> Problem details: Your output should be the lines below from the one holding "Кровать-чердак со шкафом" through the one holding "1942年,田汉(前排左一)、王莹(前排左二)、夏衍(前排左三)等在桂林", transcribed exactly, with no pictures.

> Material for this exercise:
• • • • • • •

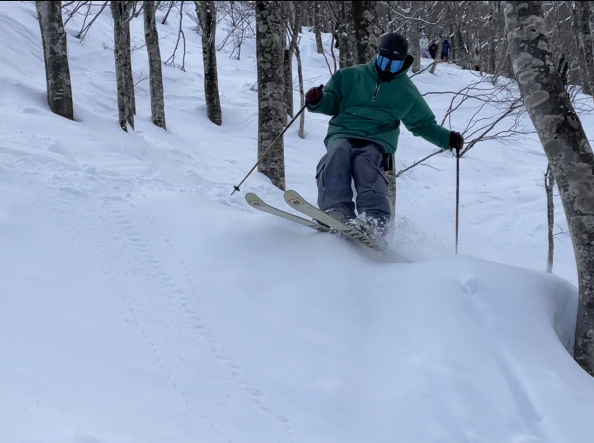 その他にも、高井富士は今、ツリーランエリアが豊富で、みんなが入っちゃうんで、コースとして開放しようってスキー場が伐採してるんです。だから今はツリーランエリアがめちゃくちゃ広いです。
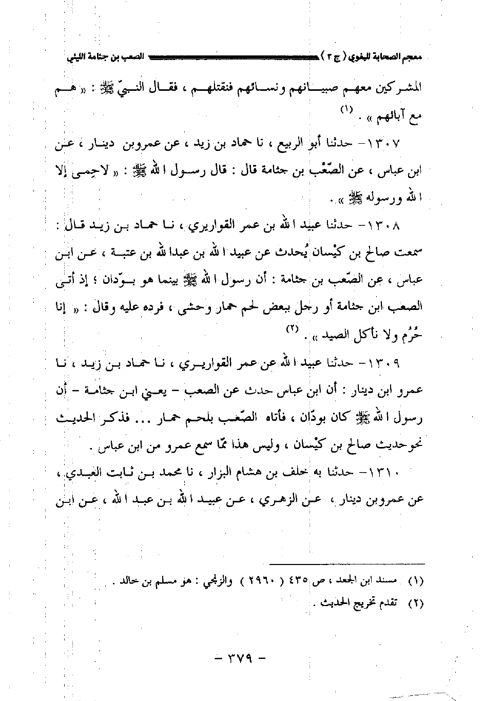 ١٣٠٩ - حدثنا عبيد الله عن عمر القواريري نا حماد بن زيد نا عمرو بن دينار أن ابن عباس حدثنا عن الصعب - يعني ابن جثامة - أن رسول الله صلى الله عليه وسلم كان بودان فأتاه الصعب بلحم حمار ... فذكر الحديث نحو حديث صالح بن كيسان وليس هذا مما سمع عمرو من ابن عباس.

• • • • • • •

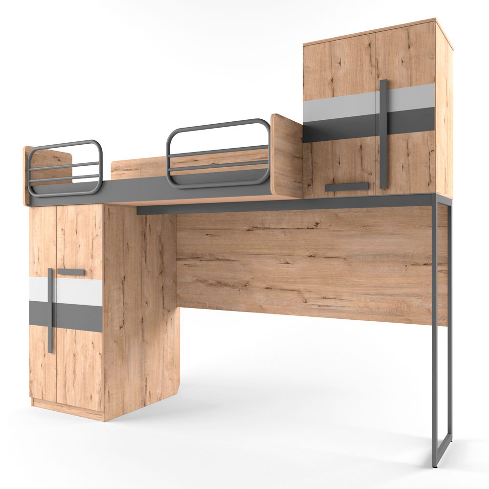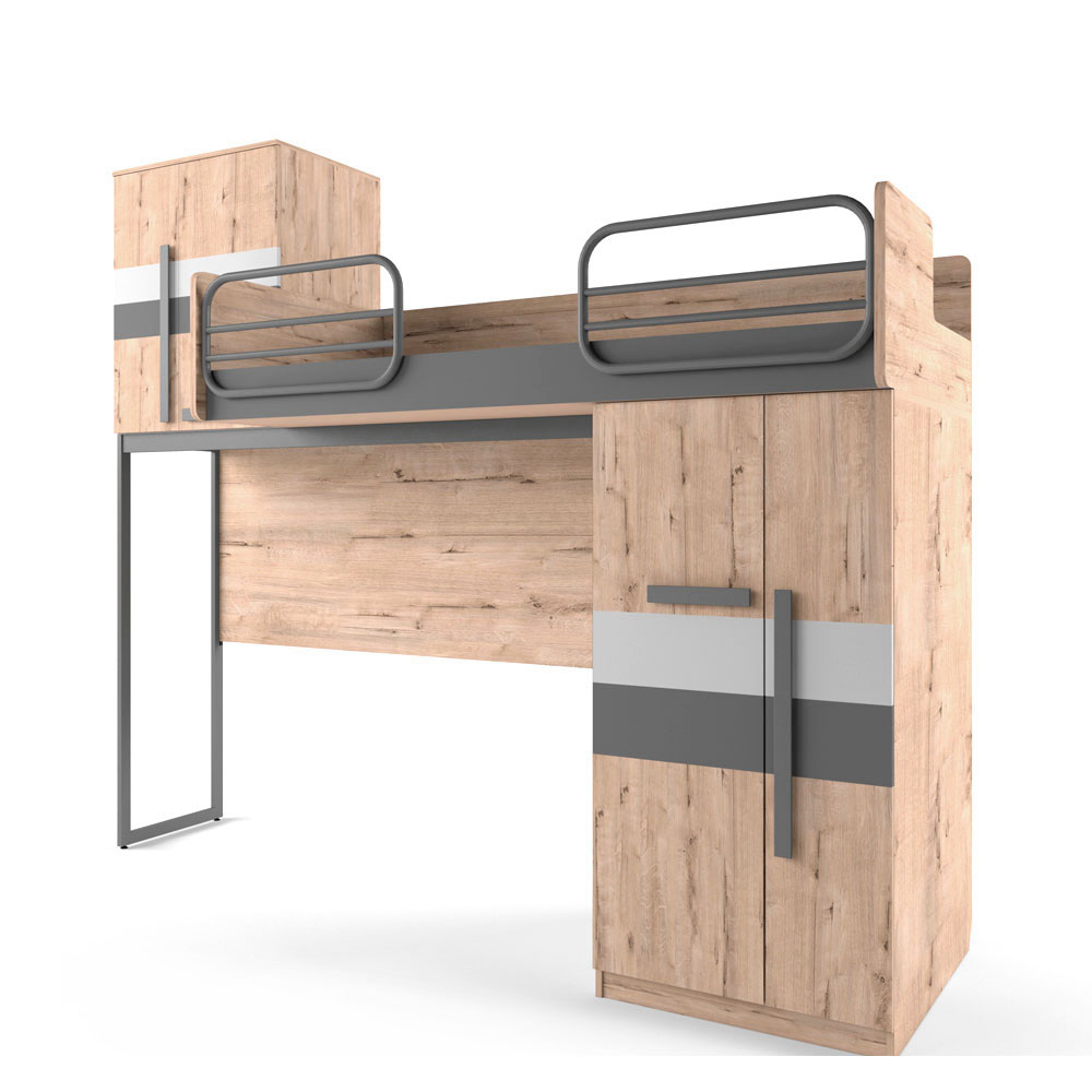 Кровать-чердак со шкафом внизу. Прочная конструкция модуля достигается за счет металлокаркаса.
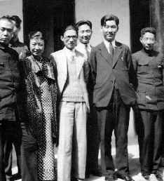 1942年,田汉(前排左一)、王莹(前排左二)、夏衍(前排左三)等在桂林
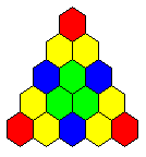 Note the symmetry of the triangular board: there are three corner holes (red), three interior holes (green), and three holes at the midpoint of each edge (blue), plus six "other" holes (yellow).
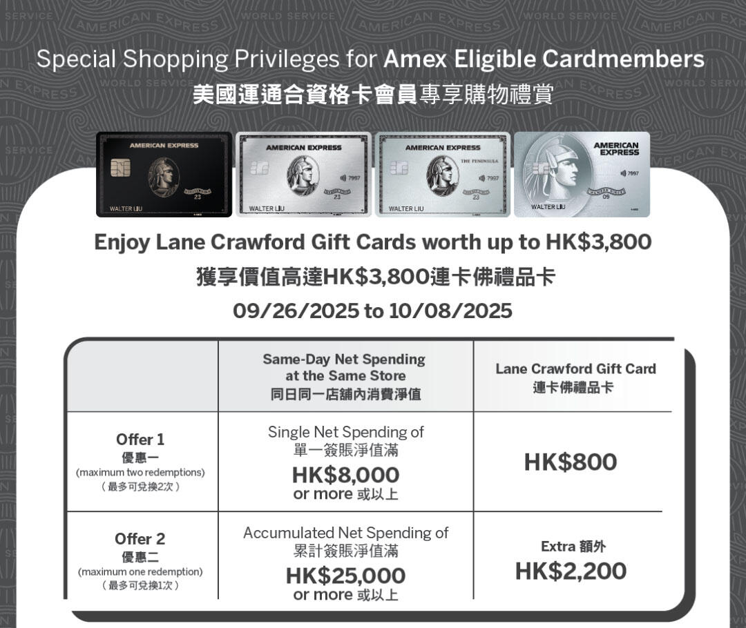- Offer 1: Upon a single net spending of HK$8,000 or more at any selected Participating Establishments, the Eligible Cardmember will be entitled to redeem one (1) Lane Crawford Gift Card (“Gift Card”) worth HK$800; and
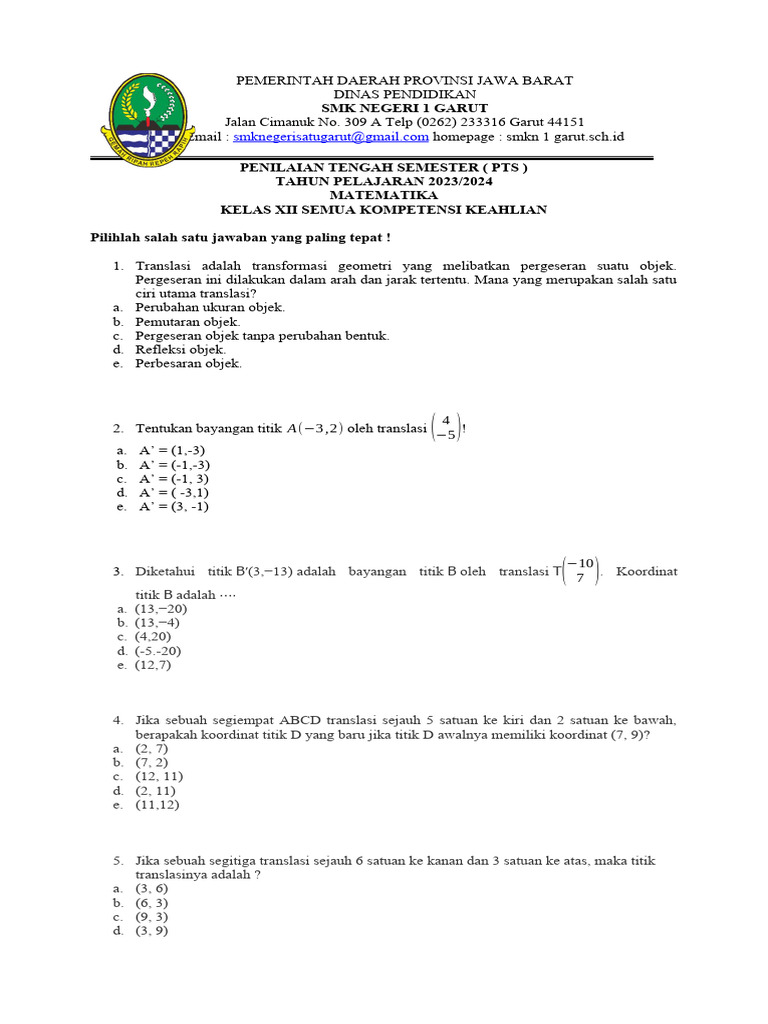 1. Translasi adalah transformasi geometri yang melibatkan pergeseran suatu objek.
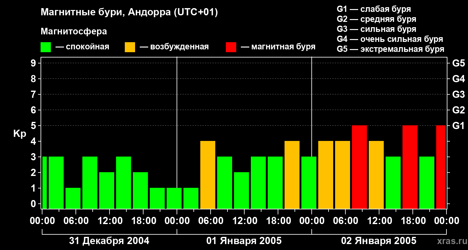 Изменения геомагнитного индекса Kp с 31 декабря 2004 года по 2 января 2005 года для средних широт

• • • • • • •

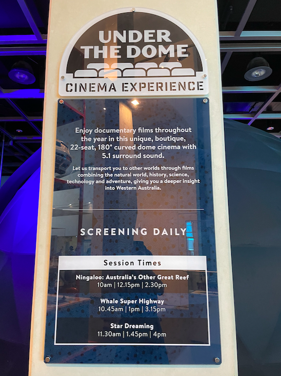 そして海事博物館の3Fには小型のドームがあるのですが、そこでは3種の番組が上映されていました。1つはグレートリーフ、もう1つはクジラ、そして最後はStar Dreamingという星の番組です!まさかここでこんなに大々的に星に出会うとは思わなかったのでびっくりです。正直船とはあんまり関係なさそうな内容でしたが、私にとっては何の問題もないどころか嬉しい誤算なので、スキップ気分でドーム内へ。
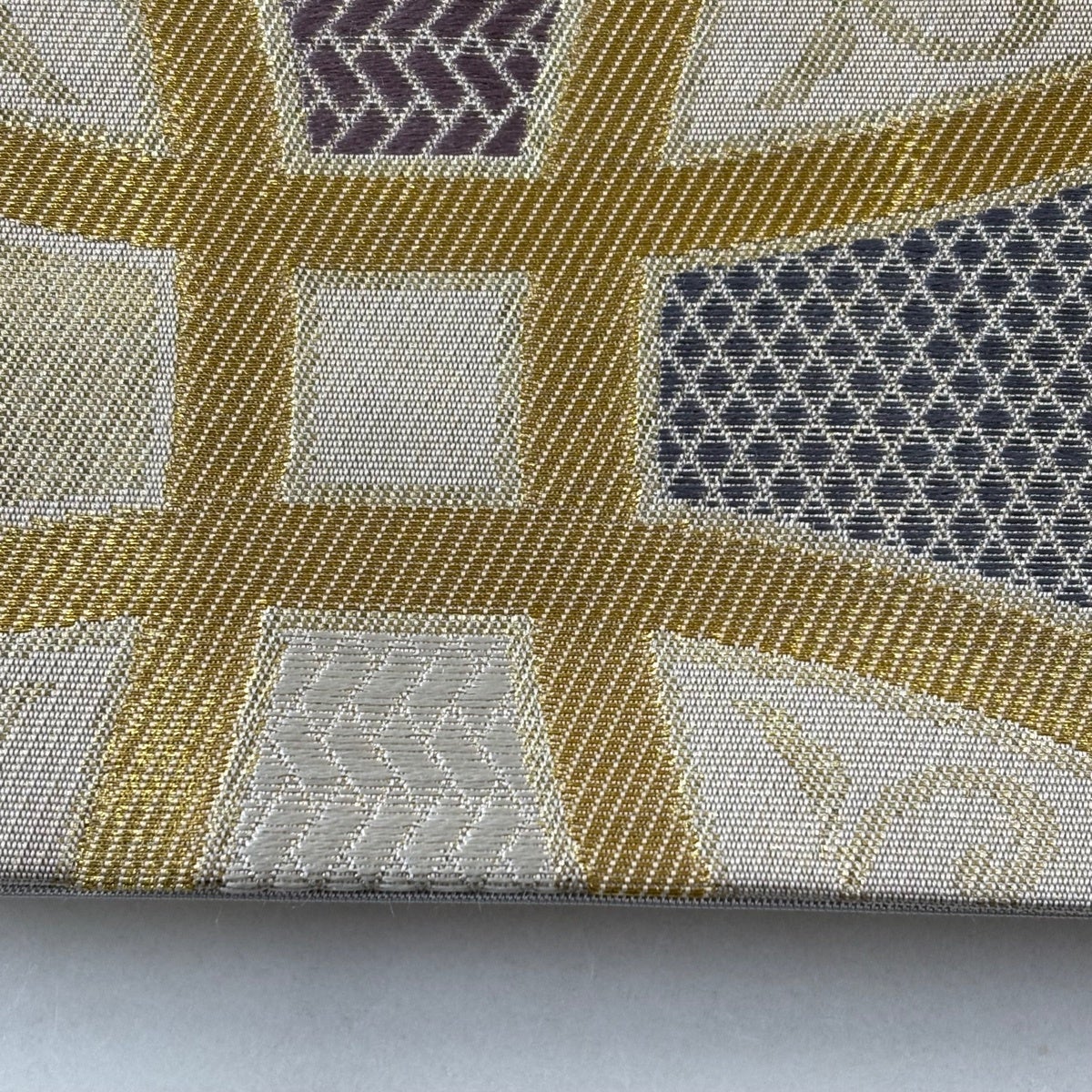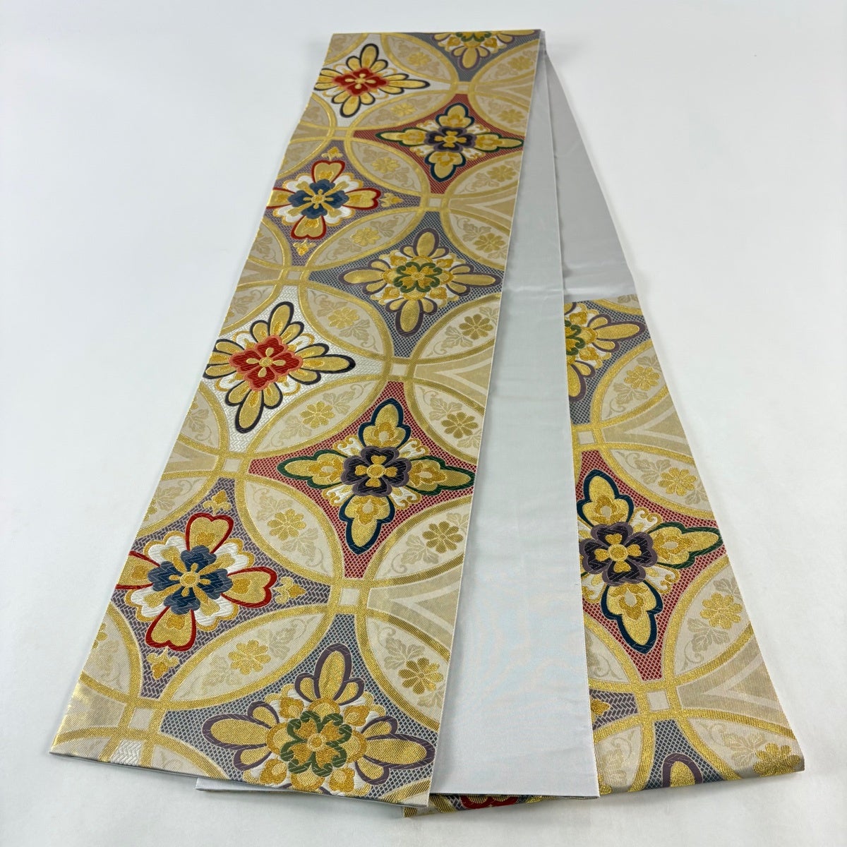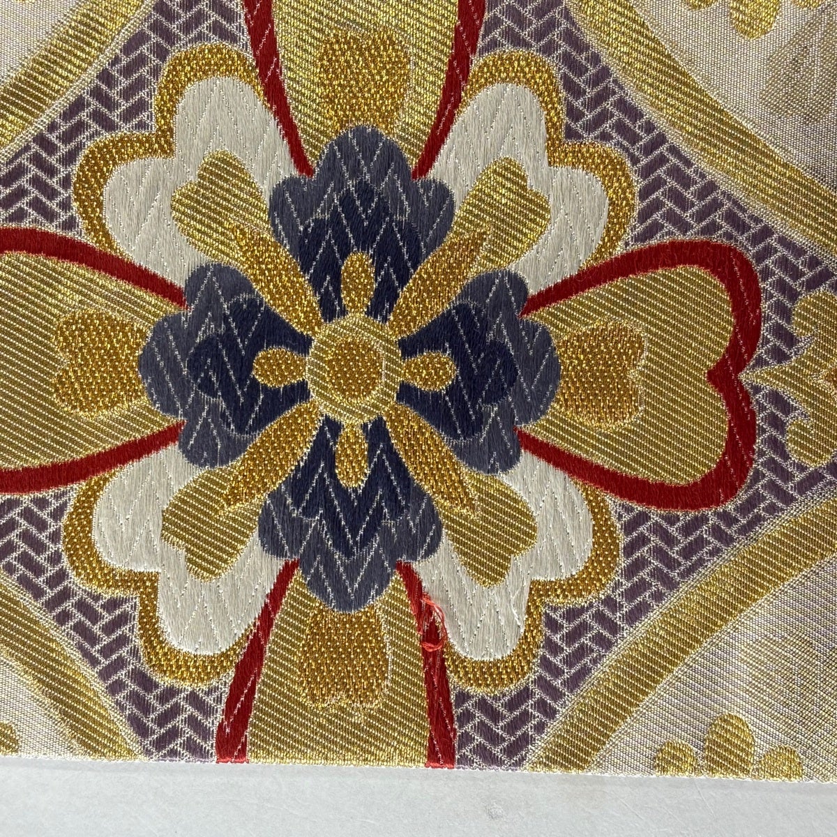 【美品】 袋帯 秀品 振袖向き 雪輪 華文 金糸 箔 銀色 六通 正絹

• • • • • • •

> The completed task:
 Кровать-чердак со шкафом внизу. Прочная конструкция модуля достигается за счет металлокаркаса.
 1942年,田汉(前排左一)、王莹(前排左二)、夏衍(前排左三)等在桂林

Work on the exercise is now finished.